As semelhanças com as formigas modernas estão em aspectos mais gerais do estilo de vida, já que as Haidomyrmecinae parecem ter formado grupos sociais e habitado troncos de árvores (provavelmente gimnospermas, como os atuais pinheiros).

O novo trabalho se concentrou na descrição e na análise comparativa das três novas espécies, batizadas de Ceratomyrmex planus, Haidomyrmex davidbowiei (cujo nome homenageia o roqueiro britânico David Bowie) e Dilobops dentata.
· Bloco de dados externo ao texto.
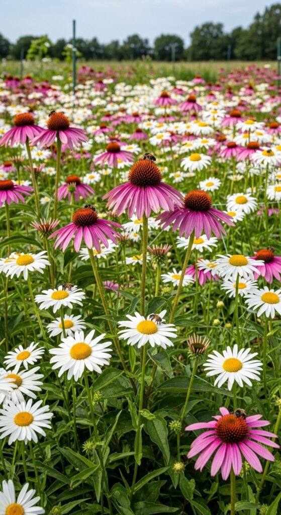 Mass plant shasta daisies with echinacea for a cheerful cottage meadow. What shines is the white petals echoing coneflower shapes.

Um dos pontos centrais é que, nas espécies vivas de formigas, a movimentação da mandíbula é sempre na lateral. No entanto, para que o temido empalamento das presas acontecesse, as “formigas do inferno” teriam de mexer o aparato bucal na vertical, ou no eixo dorsal-ventral, como dizem os pesquisadores.

É claro que as espécies do Cretáceo poderiam ter desenvolvido adaptações diferentes das atuais, mas o estudo das articulações das formigas preservadas no âmbar sugere que não era esse o caso. Além disso, em ao menos uma das espécies, a mandíbula parece não ter sido perfurante.
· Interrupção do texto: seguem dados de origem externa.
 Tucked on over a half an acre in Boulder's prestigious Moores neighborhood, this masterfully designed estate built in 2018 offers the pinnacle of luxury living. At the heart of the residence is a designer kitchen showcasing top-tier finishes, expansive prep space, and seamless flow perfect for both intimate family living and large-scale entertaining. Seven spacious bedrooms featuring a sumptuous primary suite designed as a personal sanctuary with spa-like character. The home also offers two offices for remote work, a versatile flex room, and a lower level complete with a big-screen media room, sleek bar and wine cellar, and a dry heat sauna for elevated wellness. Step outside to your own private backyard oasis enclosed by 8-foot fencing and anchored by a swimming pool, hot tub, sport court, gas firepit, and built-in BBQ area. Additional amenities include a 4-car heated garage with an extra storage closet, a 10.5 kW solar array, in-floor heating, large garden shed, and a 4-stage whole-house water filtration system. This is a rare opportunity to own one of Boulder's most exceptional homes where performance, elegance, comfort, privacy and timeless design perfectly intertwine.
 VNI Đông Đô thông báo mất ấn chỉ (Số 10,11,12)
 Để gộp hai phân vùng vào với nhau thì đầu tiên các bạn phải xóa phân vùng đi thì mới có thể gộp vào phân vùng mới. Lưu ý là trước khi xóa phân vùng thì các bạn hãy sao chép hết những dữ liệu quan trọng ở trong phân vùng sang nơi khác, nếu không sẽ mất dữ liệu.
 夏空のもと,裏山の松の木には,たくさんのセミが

Formigas gigantes mergulhadas em uma composição amarelada
Detalhes da formiga do Inferno, que apresenta mandíbula enorme e, às vezes, chifres - John Lattke e Gabriel Melo/Divulgação

E há ainda a presença de “pêlos” delicados no aparato, que acabariam sendo perdidos caso ele fosse constantemente usado para capturar vítimas, o que parece não ter acontecido.

Por outro lado, outra parte da anatomia da cabeça dos animais, o chamado clípeo, tem características que indicam uma capacidade de sucção forte, “como uma cigarra sugando a seiva de uma raiz”, compara Melo.
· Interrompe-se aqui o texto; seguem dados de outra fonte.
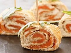 Étaler sur chacune d’abord la Vache qui rit puis une tranche de saumon. Les rouler, les enfermer dans une feuille de film alimentaire et les réserver 30 minutes au frais.
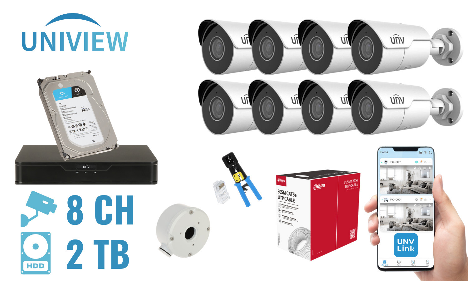 SURVEILLANCE KIT UNV-NVR08-8IPCB 8 CAMERAS + DVR UNIVIEW
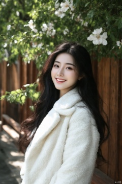 (best quality,4k,8k,highres,masterpiece:1.2),ultra-detailed,(realistic,photorealistic,photo-realistic:1.37),white fluffy coat,long dark hair,wooden background,sunny day outdoors,beautiful detailed eyes,beautiful detailed lips,extremely detailed eyes and face,long eyelashes,smiling gently,standing gracefully,soft sunlight,gentle breeze,green leaves,flowers in the background,calm and serene expression,flowing hair,relaxed posture,soft shadows,cozy atmosphere,warm colors,natural lighting,bokeh,sharp focus,physically-based rendering,extreme detail description,professional,vivid colors,summer vibe

Isso sugere que, em vez de funcionar como uma lança, a mandíbula talvez atuasse como um grampo, prendendo a boca do inseto a uma superfície para que ele a sugasse. Além da seiva e das secreções deixadas na casca das árvores por outros invertebrados, é concebível que as formigas sugassem também hemolinfa (“sangue”) de outros insetos.

De qualquer maneira, parece cair por terra o estereótipo de superpredador, embora algumas espécies do grupo talvez fossem caçadoras. A própria mandíbula gigante talvez seja, na verdade, um “dente” superdesenvolvido (que não corresponde, é claro, aos dentes dos vertebrados, mas a estruturas próprias dos insetos), diz John Lattke.